By Thomas Schneck – Misaligned and poorly constructed contracts create both increased cost and increase risk for many organizations. According to the International Association for Contract and Commercial Management:
- 77% of companies “frequently” suffer from misaligned contract scope and goals.
- 55% experience confusion in contractual responsibilities.
- 48% experience have challenges tied to price changes and delivery terms.
All of this is a direct byproduct of a manual and adhoc approach to contract management. Getting rid of the paper through digital contracts represents a key discipline to maximizing financial and operational performance, effective subcontractor management and minimizing contract risk (e.g., letting contracts that are not valuable auto-renew, continuing to pay on cancelled contracts, letting valuable contracts lapse).

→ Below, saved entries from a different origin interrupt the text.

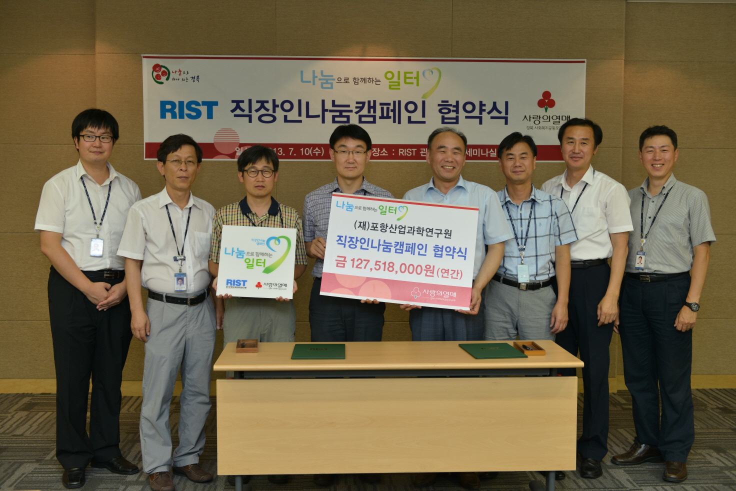 RIST(포항산업과학연구원, 원장 주웅용)가 경북사회복지공동모금회(회장 이대공)와 10일 오후 포항 RIST 본관 세미나실에서 매월 급여의 일정액을 기부하는 '직장인 나눔캠페인' 협약식을 가졌다.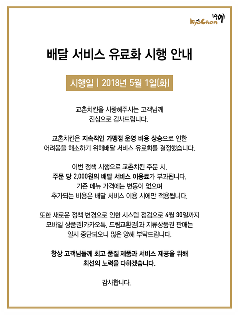 교촌이 시작하고 그 뒤로 배달비
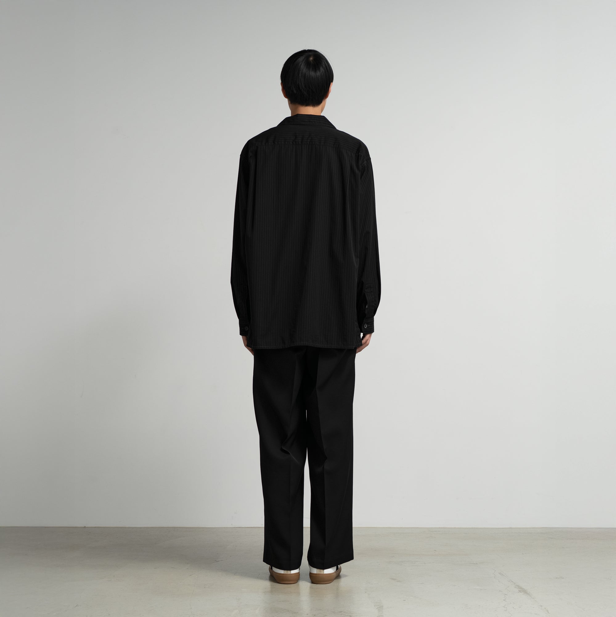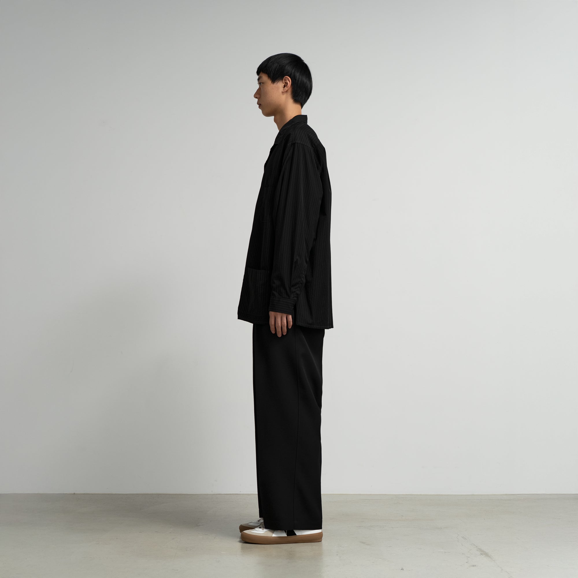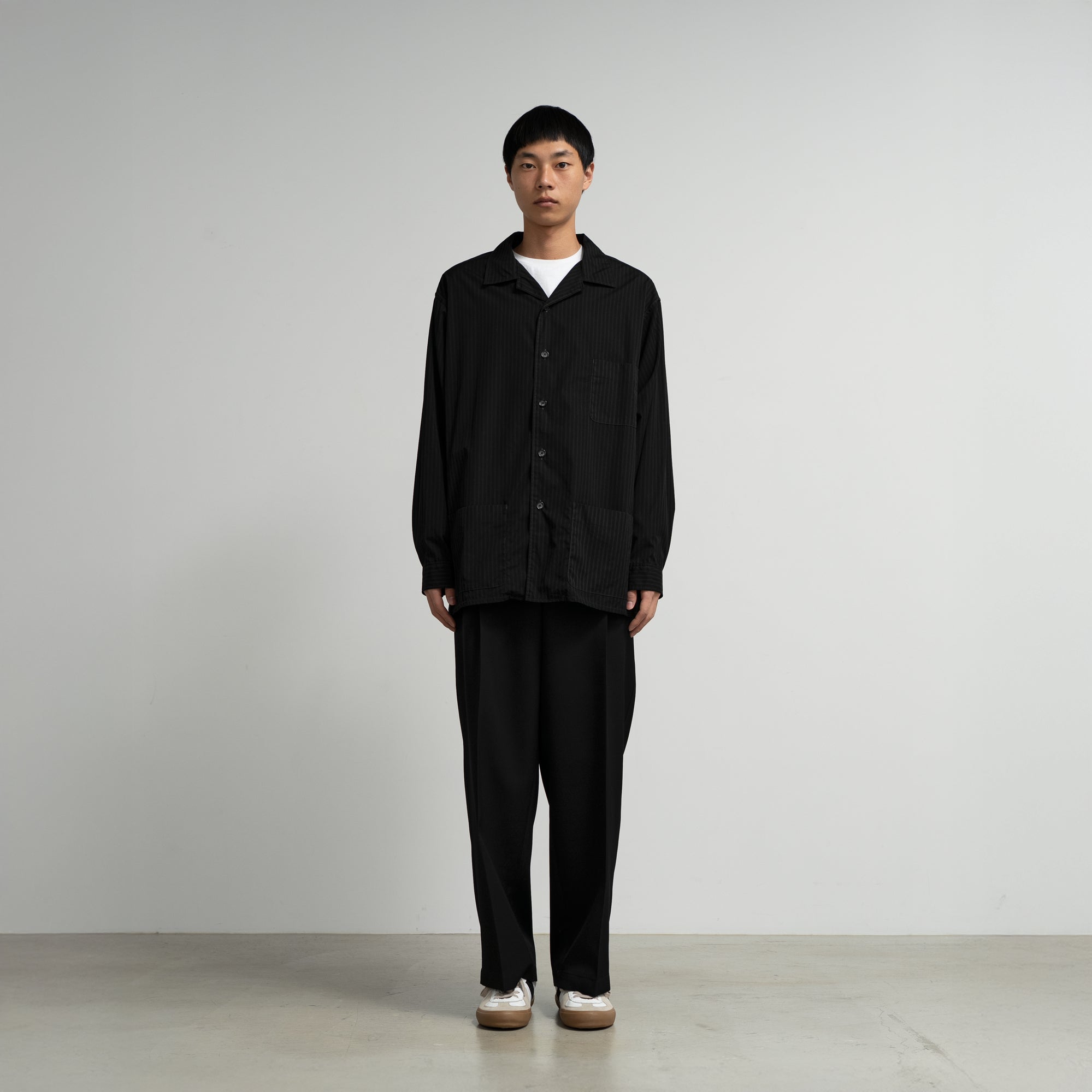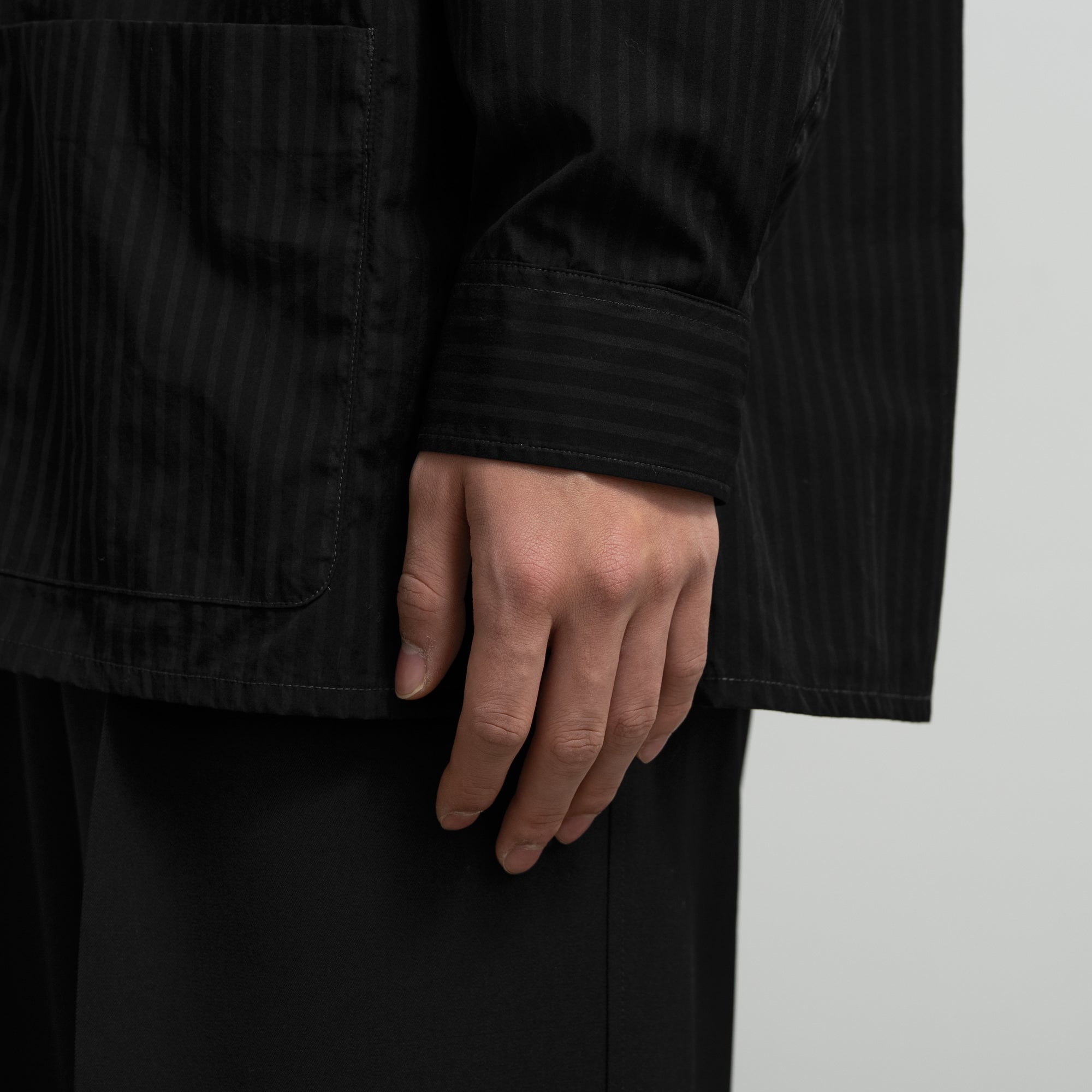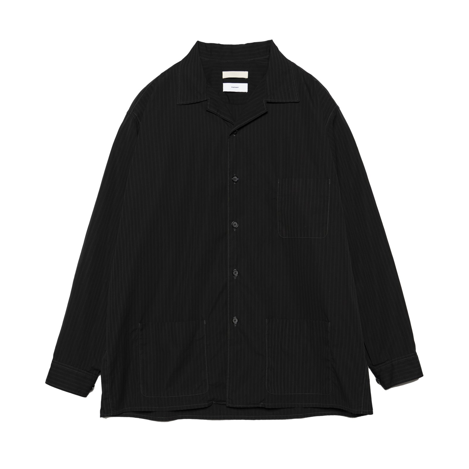 Graphpaperのコットンストライプタイプライターを用いた、新型のガーメントダイシャツジャケット。カバーオールのワーク感とシャツの軽快さを併せ持つ、汎用性の高い一着です。ワークジャケットをベースにしながら、胸や腰のポケットを小ぶりに設計することで、クリーンで上品な印象に。製品染め後にタンブラー乾燥を施し、肌に自然と馴染むこなれた質感を表現しています。限りなく黒に近い色調で染め上げることで、光の当たり方によって繊細なシャドーストライプが浮かび上がる、奥行きのある表情が特徴です。

There are three main elements in an effective enterprise contract management strategy:
Getting from idea to agreement– How can you streamline the mechanics of the contracting process?
- How can you use contract templates to accelerate the editing process?
- Is there a clear and consistent contract structure and are the main components clear (term, notice, scope, billing)?
- Is there an automated process in place to notify you about deadlines and due dates?
- Do you use electronic signatures wherever possible?
- Are your employees able process contracts anywhere, anytime, and on any device?
- Creating a clear an auditable record– Who agreed to what, when did they do so, and how can you prove it?